Confirm that the requests per second achieved is around 10 QPS and the p90 latency is less than 100ms.

To see more detailed statistics, you can analyze the `stats.json` file identified in the output.

## 6. Check costs

You can check the costs for the import, queries, and storage in the Pinecone console at [Settings > Usage](https://app.pinecone.io/organizations/-/settings/usage). Cost data is delayed up to three days, but once it's available, compare the actual costs to the estimated costs below.

<Note>For the latest pricing details, see [Pricing](https://www.pinecone.io/pricing).</Note>

| Cost type | Amount          | Pricing                | Estimated cost |
| :-------- | :-------------- | :--------------------- | :------------- |
| Import    | 48.8 GB         | \$0.25/GB              | \$12.20        |
| Queries   | 100,000 queries | \$16 per 1M read units | \$78.08        |
| Storage   | 4 hours         | \$0.33/GB/month        | \$0.09         |
| **Total** |                 |                        | **\$90.37**    |

<Note>Standard and Enterprise organizations receive a **one-time 1 TB bulk import credit**, valid through July 31, 2026, so on those plans the import portion of this example would be \$0 and the total would be \$78.17. The figures above assume the standard overage rate.</Note>

<Steps>
  <Step title="Import costs">
    The current price for import is \$0.25/GB. The dataset size for this test is 48.8 GB, so the import cost should be \$12.20.
  </Step>

  <Step title="Query costs">
    A query uses 1 [read unit (RU)](/guides/manage-cost/understanding-cost#read-units) for every 1 GB of namespace size.

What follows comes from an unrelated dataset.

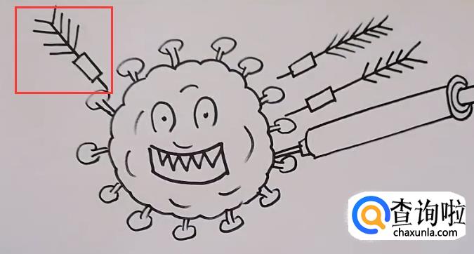 在病毒头的右边画两根箭,左边画一根箭,代表我们要快速消灭他们。
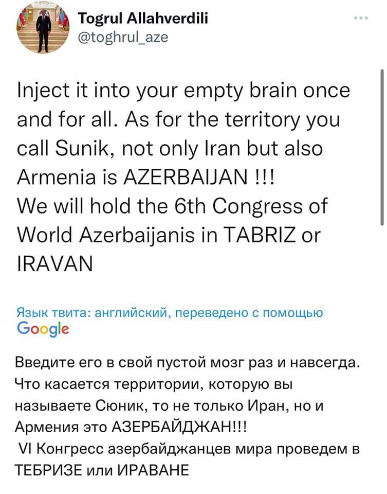 «Իրանը և Հայաստանը հանդիսանում են Ադրբեջանի տարածքի մաս»․ «Համաշխարհային ադրբեջանական կոնգրես» կազմակերպության մամլո խոսնակ

The current price for queries in the `us-east-1` region of AWS is \$16 per 1 million read units (pricing varies by region).

    This test ran 100,000 queries against a namespace size of 48.8 GB. Each query uses 48.8 RUs (1 RU per GB), so the total is 4,880,000 RUs. At \$16 per 1 million RUs, the cost is (4,880,000 / 1,000,000) × \$16 = \$78.08.
  </Step>

  <Step title="Storage costs">
    The current price for storage is \$0.33 per GB per month. The dataset size for this test is 48.8 GB. Assuming a total storage time of 4 hours (including import, benchmark runtime, and cleanup), the storage cost is: \$0.33/GB/month \* 48.8 GB / 730 hours \* 4 hours = \$0.09.
  </Step>

  <Step title="Total costs">
    The total cost for the test is the sum of the import cost, query cost, and storage cost: \$12.20 + \$78.08 + \$0.09 = \$90.37.
  </Step>
</Steps>

## 7. Clean up

When you no longer need your test index, [delete it](/guides/manage-data/manage-indexes#delete-an-index) to avoid incurring unnecessary costs.